Tak Ingin Ekonomi Rakyat Terhenti
Yusril menegaskan, pemerintah memahami kondisi masyarakat Bangka Belitung yang menggantungkan kehidupan ekonominya pada aktivitas pertimahan.
Karena itu, penyelesaian persoalan tidak bisa semata-mata dilihat dari sisi hukum. Pemerintah juga harus memperhitungkan dampaknya terhadap masyarakat dan kepentingan negara.
Pandangan Kejaksaan Agung dan Badan Pengawasan Keuangan dan Pembangunan (BPKP) turut didengarkan dalam rapat tersebut. Pemerintah ingin memastikan kebijakan yang diambil tetap memiliki pijakan hukum dan tidak menimbulkan persoalan baru di kemudian hari.
Langkah tersebut sekaligus menunjukkan pemerintah tidak ingin persoalan hukum terkait pertimahan membuat aktivitas ekonomi masyarakat berhenti tanpa solusi.
Untuk memastikan kebijakan sementara tersebut memiliki kerangka hukum yang jelas, pemerintah akan membentuk tim kecil yang dipimpin Wakil Menteri Koordinator Bidang Hukum, HAM, Imigrasi dan Pemasyarakatan, Otto Hasibuan.
Tim ini mendapat tugas khusus merumuskan kerangka kebijakan dan legalitas bagi PT Timah dalam melakukan pembelian timah masyarakat.
Yusril menyebut tim tersebut harus mampu merumuskan kebijakan dalam waktu maksimal kurang dari satu minggu, sembari menunggu diterbitkannya Peraturan Presiden (Perpres) mengenai pertimahan.
“Besok tim kecil terbentuk untuk memberikan satu kerangka hukum bagi PT Timah untuk melakukan pembelian ini. Dalam waktu kurang dari satu minggu maksimum, tim sudah merumuskan satu kebijakan,” ujar Yusril.
Bukan Izin Permanen
Pemerintah juga tengah menyiapkan Rancangan Peraturan Presiden mengenai pertimahan. Regulasi ini diharapkan menjadi jawaban yang lebih permanen terhadap persoalan tata kelola komoditas timah di Bangka Belitung.

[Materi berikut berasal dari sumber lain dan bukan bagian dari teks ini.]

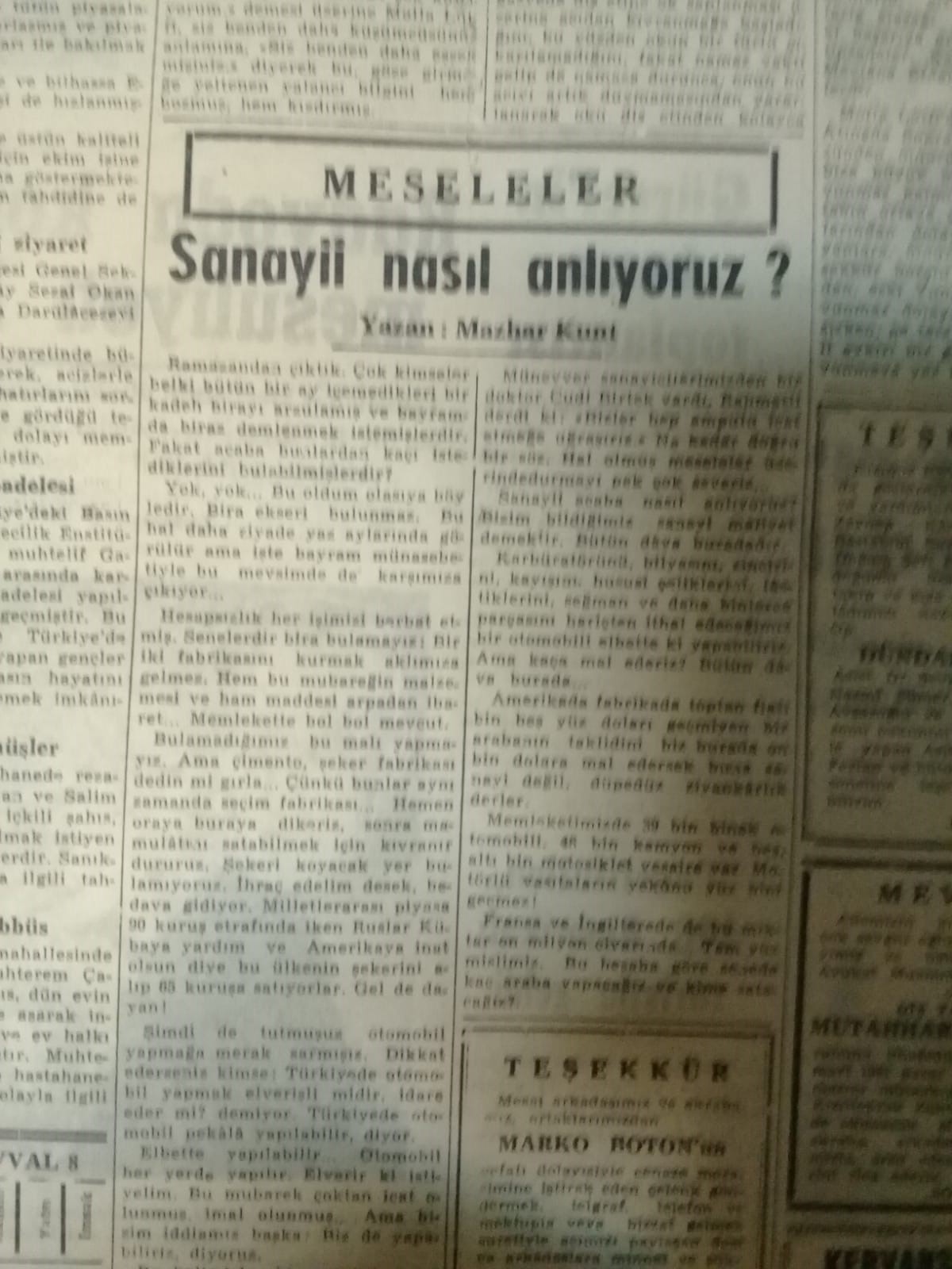 Mazhar Kunt'un Cumhuriyet Gazetesindeki 25 Mart 1961 tarihli "Sanayii Nasıl Anlıyoruz" başlıklı yazısı

Namun, Yusril memberikan penegasan penting, kebijakan untuk sementara memberi ruang kepada PT Timah membeli timah masyarakat bukanlah kelonggaran tanpa batas.
Pemerintah menyebut langkah tersebut sebagai exception atau pengecualian yang hanya berlaku dalam kondisi tertentu dan untuk jangka waktu terbatas.
“Exception itu hanya untuk sementara waktu. Sampai kapan, limitnya kita tentukan,” tegas Yusril. (*)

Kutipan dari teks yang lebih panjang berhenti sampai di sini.